I believe that our democracy was at serious risk this election. If we had lost to lies, a torrent of dark money, voter suppression, and racism, it might have taken decades for our democracy to come back from the bad laws and court decisions on further voter suppression and corporate power, if it could recover at all. Certainly beyond my lifetime since I’m 67. But people seemed to sense the crisis and responded, and folks from all walks of life joined together to do one extra-ordinary thing: re-elect an African American President in a time of high unemployment and in the face of everything the would be aristocracy could throw at us. I certainly sensed more determination and intensity at the door than I did (in a different suburb) in 2008.
Coming from largely white Idaho I was struck by the diversity of the people who canvassed out of our one small location.
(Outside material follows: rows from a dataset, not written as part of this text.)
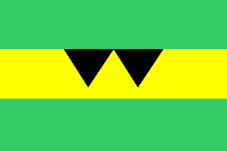 A horizontally striped flag, green-yellow-green. Two upside-down, black, equilateral triangles in the middle of the yellow stripe, not reaching the bottom line of the stripe.
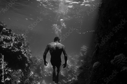 Beautiful diver goes on an underwater adventure in frighteningly deep sea
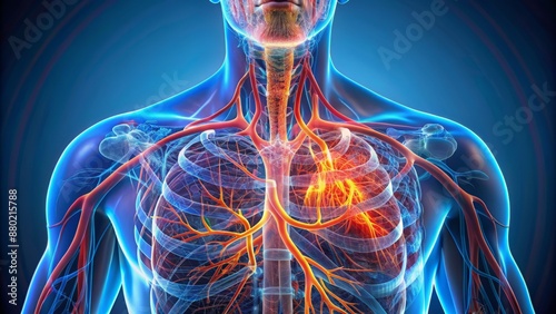 A futuristic 3D animation conceptualizing human respiratory system's intricate lung anatomy with pulmonary veins, arteries, and bronchi in vibrant colors.
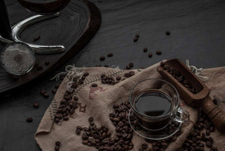 Glass of Black Coffee and roasted coffee beans on the wooden Table
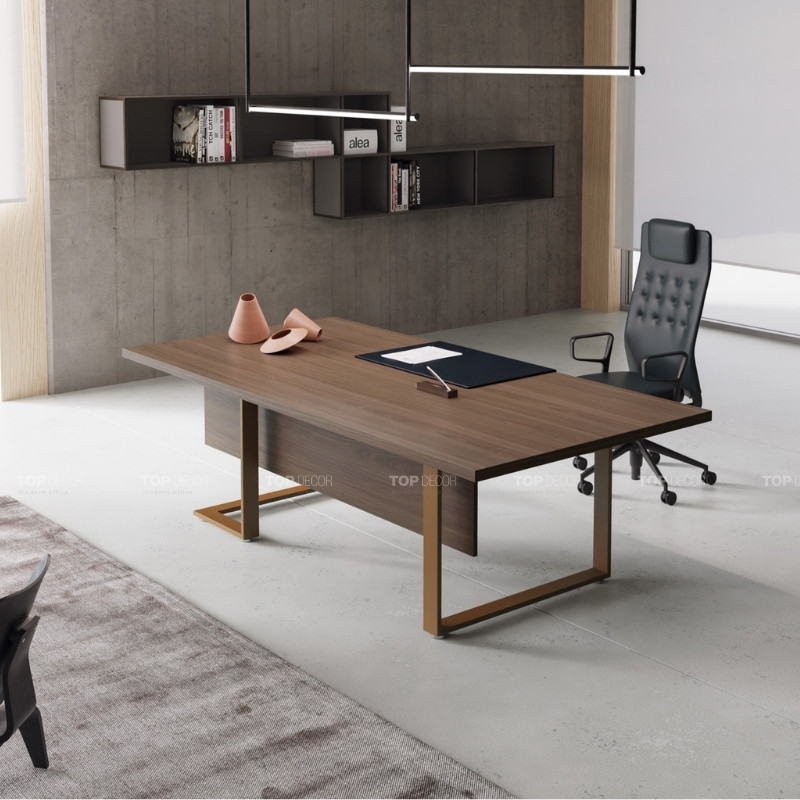 Trong khi đó, bàn với khung chân sắt mang lại vẻ hiện đại, chắc chắn và độ bền cao. Sự kết hợp giữa mặt bàn gỗ và khung sắt tạo nên một thiết kế vừa tinh tế vừa mạnh mẽ, đáp ứng nhu cầu của những văn phòng muốn hướng đến phong cách trẻ trung, năng động. Tùy thuộc vào ngân sách và mục đích sử dụng, bạn có thể cân nhắc giữa hai loại chất liệu này để tìm ra sự lựa chọn phù hợp nhất.
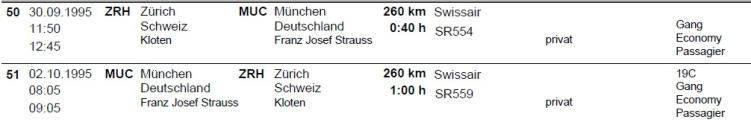 1. Reise in Flugzeug (Jumbo) 1980
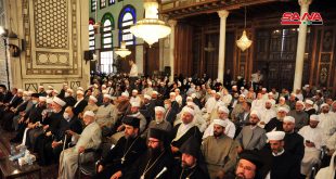 دمشق-سانا أقيم في الجامع الأموي الكبير بدمشق اليوم تجمع حاشد بمشاركة علماء الدين الإسلامي ورجال …
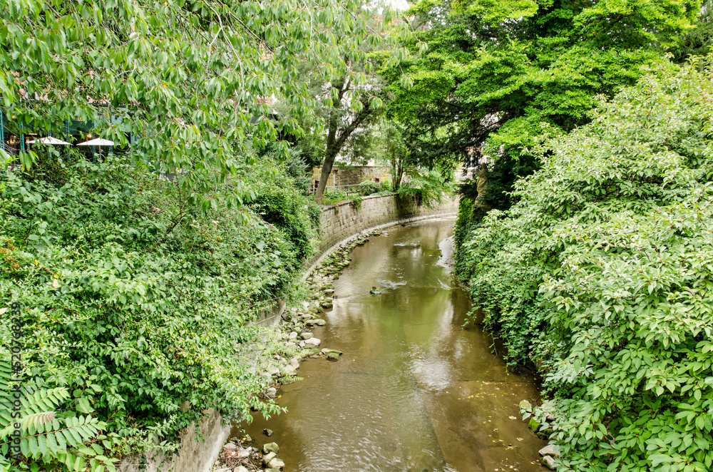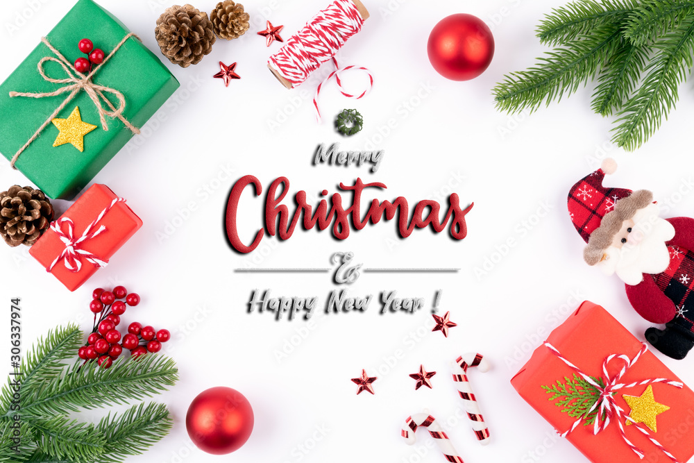 Christmas background concept. Top view of Christmas green and red gift box with spruce branches, pine cones, red berries and bell on white background.
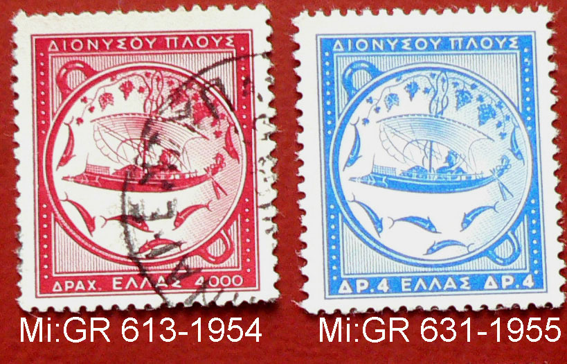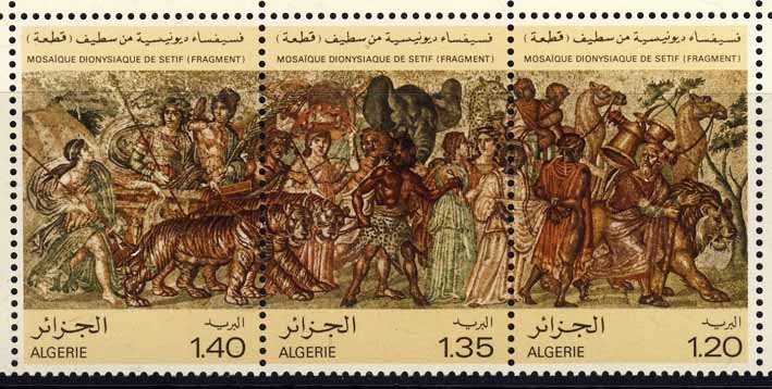 Dionysos heiratete die Sterbliche Ariadne, nachdem sie von von Theseus verlassen wurde, auf der Insel Naxos. Auf der algerischen Briefmarkenausgabe wird das Dionysos-Mosaik "Hochzeitszug mit Ariadne" in Setif Algerien gezeigt.
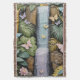 This artwork portrays a magical jungle waterfall, cascading gently amidst a vibrant landscape of pastel-coloured jungle plants and flowers. A flurry of delicate butterflies flutters throughout, adding a whimsical touch to this serene and lush oasis.
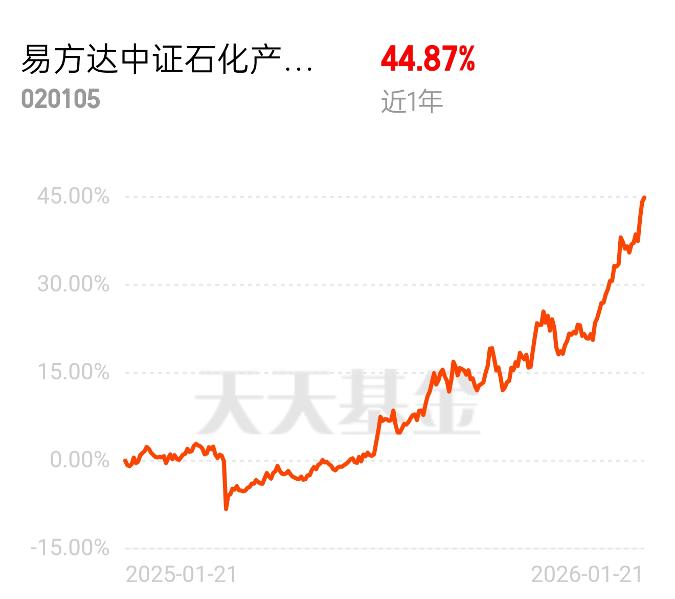 地缘局势推高油价,国内原油期货震荡反弹,石油天然气领涨超吸睛,易方达中证石化产业 ETF 联接发起式 C 近 1 年 44.87%,三桶油 + 细分化工机会都想抓住,买石化产业跟上节奏$易方达中证石化产业ETF联接发起式C$
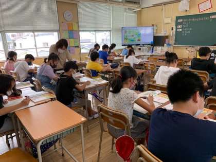 8月28日(金)5時間目、6年1組は、算数で「条件に合う場合を求める方法を考えよう」というめあてで学習していました。樹形図をかいたり、ノートに図や表をかいたりしながら考えていました。
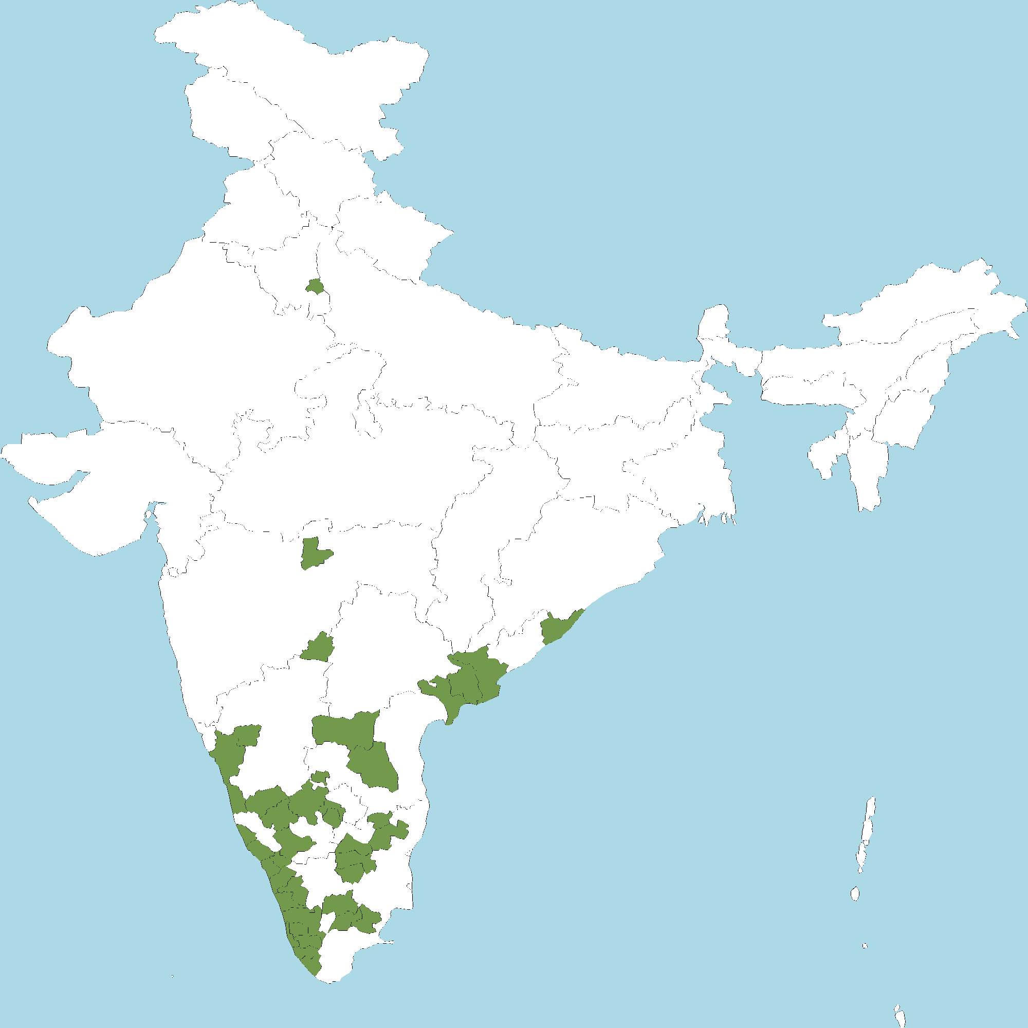 - Andhra Pradesh : Y.S.R. Kadapa district, West Godavari district, Y.S.R. Kadapa district, Krishna district, Kurnool district, East Godavari district, Srikakulam district
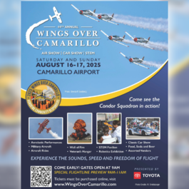 August 16-17, 2025 The Wings Over Camarillo Airshow is back for its 44th annual event, set to take place on August 16-17, 2025, at Camarillo Airport. This year's theme, "Honoring Community Responders," pays tribute to the unwavering commitment by dedicated city and county employees and nonprofit volunteers who came to the aid of the local community members affected by this year’s disastrous wildfires. Airshow gates open to the public at 9:00 a.m. on both days. The airport is located at 555 Airport Way, Camarillo, CA 93010. Tickets for this multifaceted event are available online at www.WingsOverCamarillo.com.
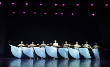 “越江女,越江莲,齐菡萏,双婵娟。嬉游向何处,采摘且同船。”女子古典群舞《莲鼓越歌行》取材于传统的江南水乡花鼓文化,将其融入古典舞中,“敲击”出了江南水乡的采莲美景。描绘出一幅江南水乡采莲女嘻戏欢唱的生活画面。舞蹈在“诗画浙江”的大背景创作产生,将我国自古以来的“放河灯”祈愿仪式融入古代吴越地区的“响屐舞”,让观众领略到:“越溪素足女,婉笑青眉扬。泛水采芙蓉,归来衣更香”的江南水乡独有气息。

We had old white males, young African American females, and everything “in between,” as well as Asian Americans and Hispanics. Some of the volunteers had ancestors who were in the country 300 years ago; some had only arrived recently themselves. There was a married gay man, single straights and, of course, vice versa. Old and young, PhD’s and less than high school, the fit who could walk five miles a day to canvass and those who served best by sitting at the polling place and welcoming and reassuring voters. Our employments status included corporate executives, more modest positions, the unemployed, and the retired. Representatives of all the major faith traditions passed through as well as the non-observant or non-believers. People arrived at the location by car, by bus, by private jet, and on foot. In short, twenty-first century America turned out for Barack Obama.
When we finally came up for air and watched CNN on election night, I was struck by the group that showed up on television at the gathering in Boston. Where was the rest of America?
My second point is more mundane and numerous people have probably made it already. President Obama has now put together a coalition that has won two consecutive Presidential elections without needing one single electoral vote from the old Confederacy. I believe that Bill Clinton did the same Perhaps the influence of that region is beginning to wane, at least in presidential politics.